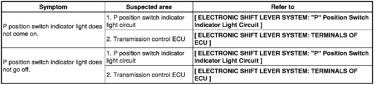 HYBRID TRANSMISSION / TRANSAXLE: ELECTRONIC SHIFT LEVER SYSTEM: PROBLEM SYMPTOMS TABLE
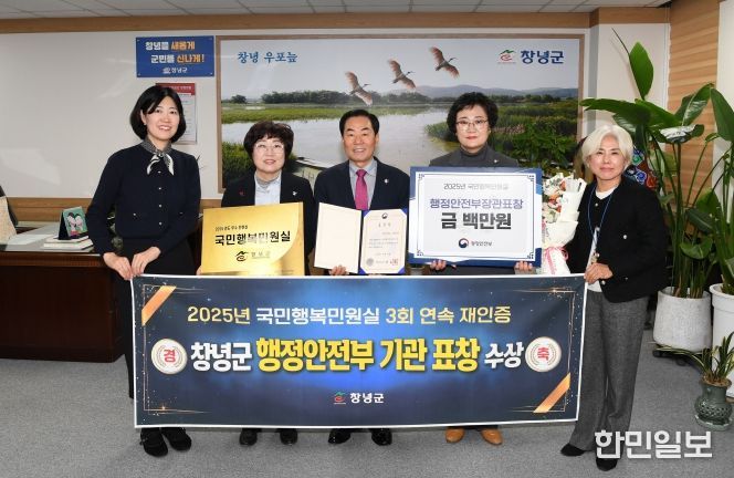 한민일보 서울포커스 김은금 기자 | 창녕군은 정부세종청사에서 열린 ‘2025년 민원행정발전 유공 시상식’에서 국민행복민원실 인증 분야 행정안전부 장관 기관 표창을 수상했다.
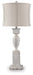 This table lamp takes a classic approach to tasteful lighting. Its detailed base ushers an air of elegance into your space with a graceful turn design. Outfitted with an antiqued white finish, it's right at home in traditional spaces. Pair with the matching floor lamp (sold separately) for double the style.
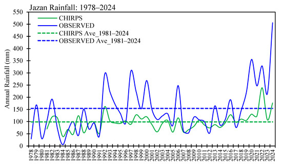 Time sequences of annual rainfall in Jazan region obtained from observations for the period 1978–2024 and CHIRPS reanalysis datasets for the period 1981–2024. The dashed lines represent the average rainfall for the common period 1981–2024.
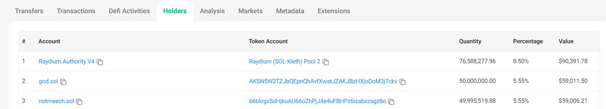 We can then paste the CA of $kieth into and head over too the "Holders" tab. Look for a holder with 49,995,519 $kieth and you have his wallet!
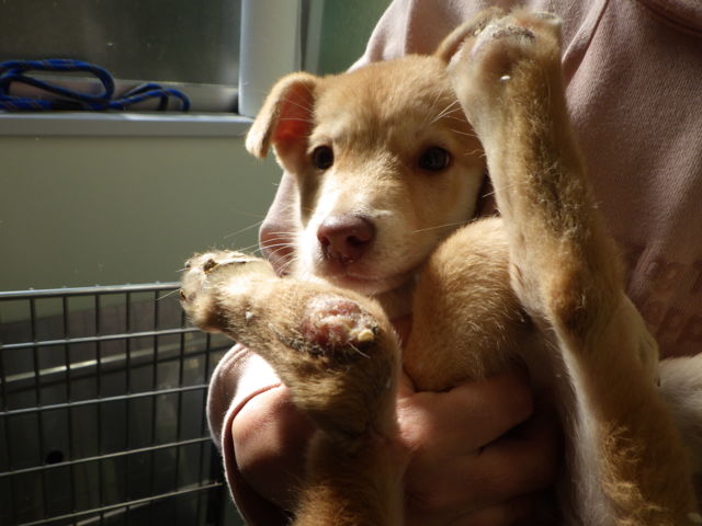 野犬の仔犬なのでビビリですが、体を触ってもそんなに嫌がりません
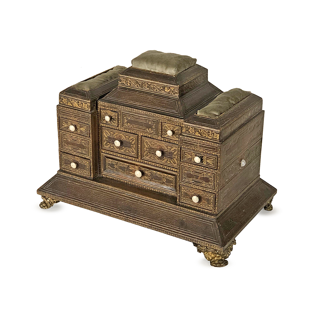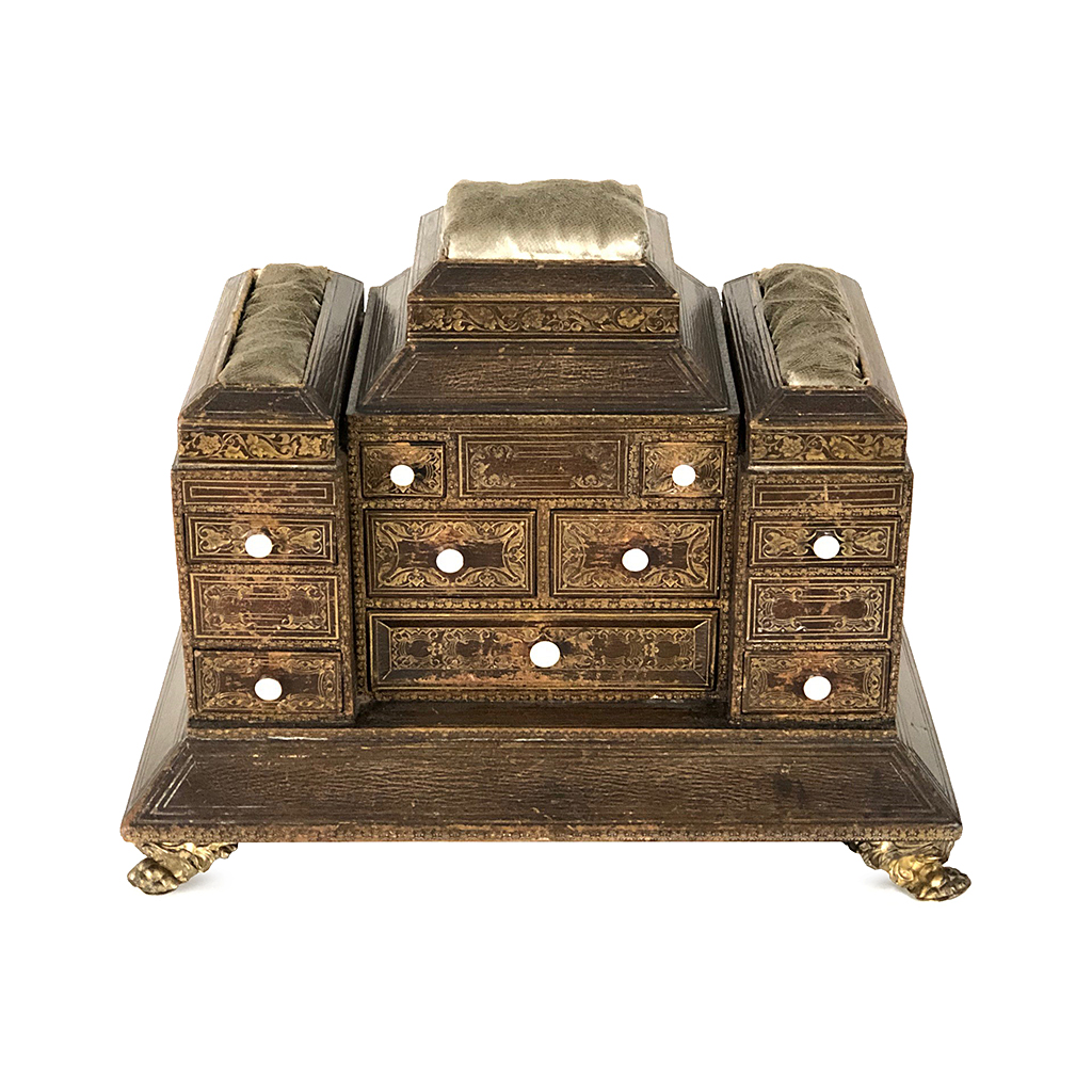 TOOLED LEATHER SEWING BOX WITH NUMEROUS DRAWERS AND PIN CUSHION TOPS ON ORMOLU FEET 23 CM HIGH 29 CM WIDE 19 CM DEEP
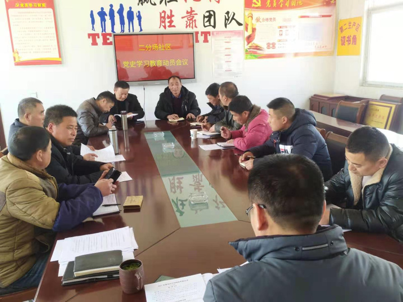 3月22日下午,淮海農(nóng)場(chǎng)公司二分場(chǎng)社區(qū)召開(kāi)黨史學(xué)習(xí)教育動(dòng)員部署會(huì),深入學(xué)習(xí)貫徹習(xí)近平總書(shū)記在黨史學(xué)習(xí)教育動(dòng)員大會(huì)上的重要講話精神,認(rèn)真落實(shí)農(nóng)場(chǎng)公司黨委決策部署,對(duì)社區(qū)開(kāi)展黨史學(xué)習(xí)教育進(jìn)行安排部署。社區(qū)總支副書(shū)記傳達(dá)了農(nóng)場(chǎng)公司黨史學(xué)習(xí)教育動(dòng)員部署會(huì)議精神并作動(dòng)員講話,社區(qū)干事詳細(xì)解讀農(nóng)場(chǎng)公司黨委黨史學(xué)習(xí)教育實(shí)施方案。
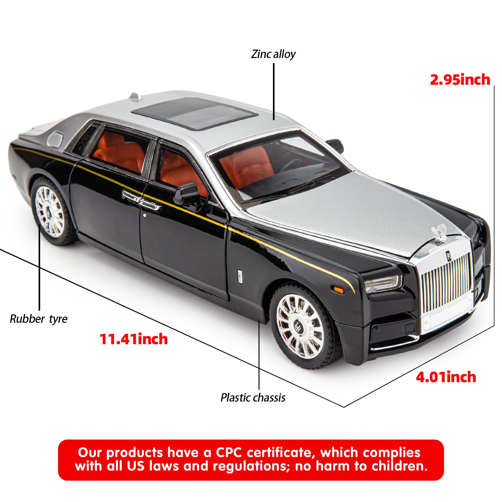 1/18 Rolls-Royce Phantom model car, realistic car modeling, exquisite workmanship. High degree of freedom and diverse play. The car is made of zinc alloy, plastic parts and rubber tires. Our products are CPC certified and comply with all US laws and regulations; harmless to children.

==

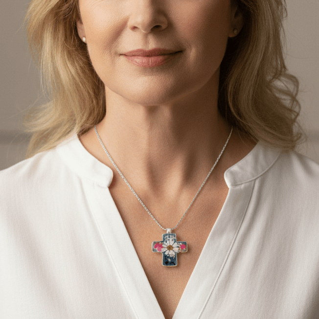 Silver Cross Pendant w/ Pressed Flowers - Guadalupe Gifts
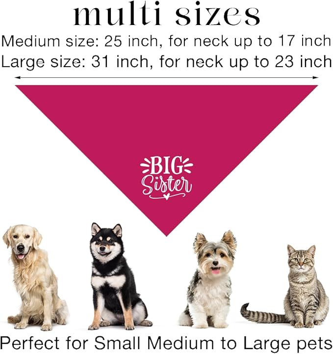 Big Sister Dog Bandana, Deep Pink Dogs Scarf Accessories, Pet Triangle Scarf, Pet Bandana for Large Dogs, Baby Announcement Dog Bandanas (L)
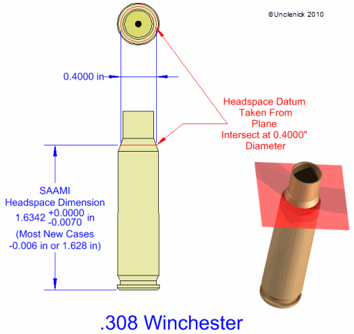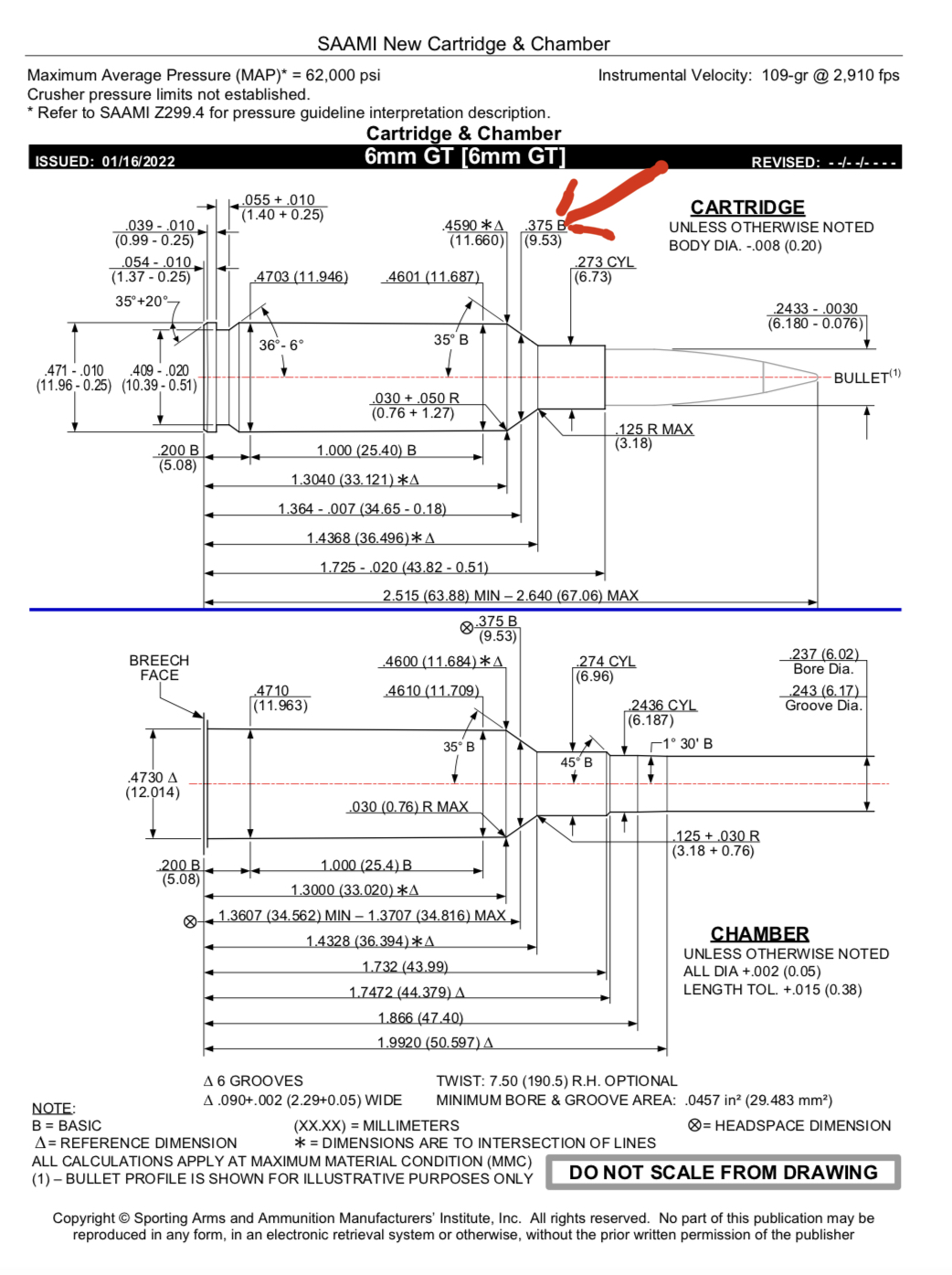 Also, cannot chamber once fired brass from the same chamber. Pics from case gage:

:: TASK BRIEF ::
Start with the line above containing "HYBRID TRANSMISSION /" and end with the line containing "This table lamp". Set down that stretch exactly, without any pictures.

:: RESULT OF THE TASK ::
 HYBRID TRANSMISSION / TRANSAXLE: ELECTRONIC SHIFT LEVER SYSTEM: PROBLEM SYMPTOMS TABLE
 한민일보 서울포커스 김은금 기자 | 창녕군은 정부세종청사에서 열린 ‘2025년 민원행정발전 유공 시상식’에서 국민행복민원실 인증 분야 행정안전부 장관 기관 표창을 수상했다.
 This table lamp takes a classic approach to tasteful lighting. Its detailed base ushers an air of elegance into your space with a graceful turn design. Outfitted with an antiqued white finish, it's right at home in traditional spaces. Pair with the matching floor lamp (sold separately) for double the style.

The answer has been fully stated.